# Possible to buy plastic leg bands with just phone number?



## Seijun (Apr 14, 2010)

Does anyone know of a place that offers plastic leg bands with just a personalized phone number printed on them? So far all I can find are metal personalized bands, but I need plastic as they are brightly colored. I suppose as a last resort I could get a plain band and use a label printer to put a little sticker on it. 

On a similar note, is there a type of band that is most recommended for pet pigeons/doves? There are so many different types online it is confusing.


----------



## MaryOfExeter (Sep 30, 2007)

Do you want snap on bands or seamless? You can get either at Foy's. There are also a lot of custom band makers in other countries. I've seen a lot on ebay.
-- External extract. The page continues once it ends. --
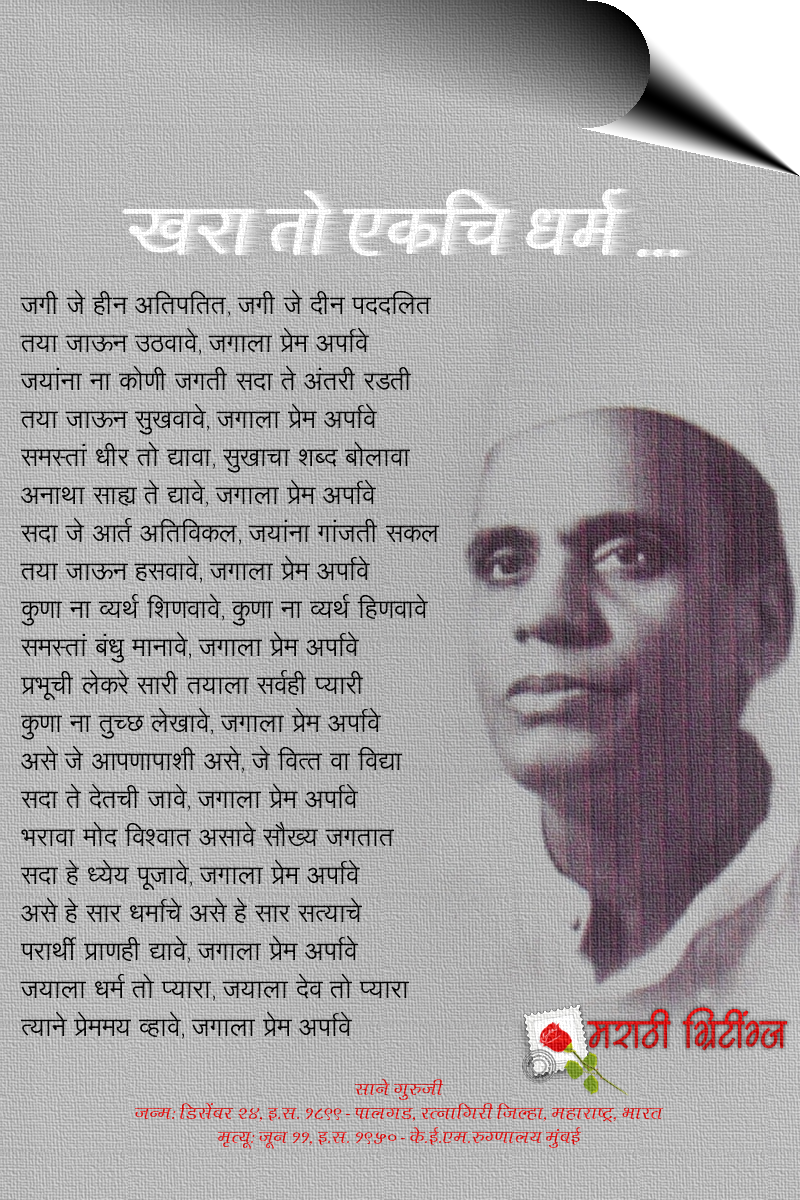 WebPandurang Sadashiv Sane, also known as Sane Guruji was a Marathi author, teacher, social activist, and freedom fighter from Maharashtra, India. He wrote around 82. WebSane Guruji | Sane Guruji Biography | Sane Guruji Information in Marathi | speech | साने गुरुजी |#Sane_Guruji #Sane_Guruji_Information_in_Marathi #biography ... WebSane Guruji was a great patriot who loved his country with all his heart. Pandurang Sadashiv Sane was a great and eminent Marathi writer. His greatest story, “Shyamchi Ayi” is.

http://www.foyspigeonsupplies.com/leg-bands/969-personalized-leg-bands-50
http://www.foyspigeonsupplies.com/leg-bands/949-snap-ons-with-telephone-number-5mm-high-100

As far as recommended bands, I recommend AU or IF for homers and NPA for all other breeds, especially if you want to show them. All three organizations keep track of who buys the bands so they can be traced if the bird gets lost.


----------



## Peacbackacha (Feb 24, 2013)

These are the ones I am getting ready to order. They are sending me some sample sizes so I can make sure for the right size first:

http://www.nationalband.com/birdbands.htm


----------



## Peacbackacha (Feb 24, 2013)

Oh, also, I might mention, the lady described how you could use an acrylic paint to sort of rub and back paint the typing so it would show up more.


----------



## Print Tippler (May 18, 2011)

If you want seamless bands you want to go here

http://www.rickmeerollers.com/bandsforsale.htm

These are the best ones your going to find. They are the exact same band the NPA and other pigeon organizations use. You must place an order for 100 bands and they cost $50 all together


----------



## Peacbackacha (Feb 24, 2013)

Those are really nice.
As a newbie, what is the advantage of a permanent band such as this compared to the butt end bands? 

I am wondering because I just had to remove an AU band from an 8 year old bird that was stuck tight on his leg. How could I be sure to buy the right size for them as they get old? 
These are really nice looking bands. How important is it to have the year the bird was born? I would keep a record, but I guess if he ever leaves my loft no one else would know?????


----------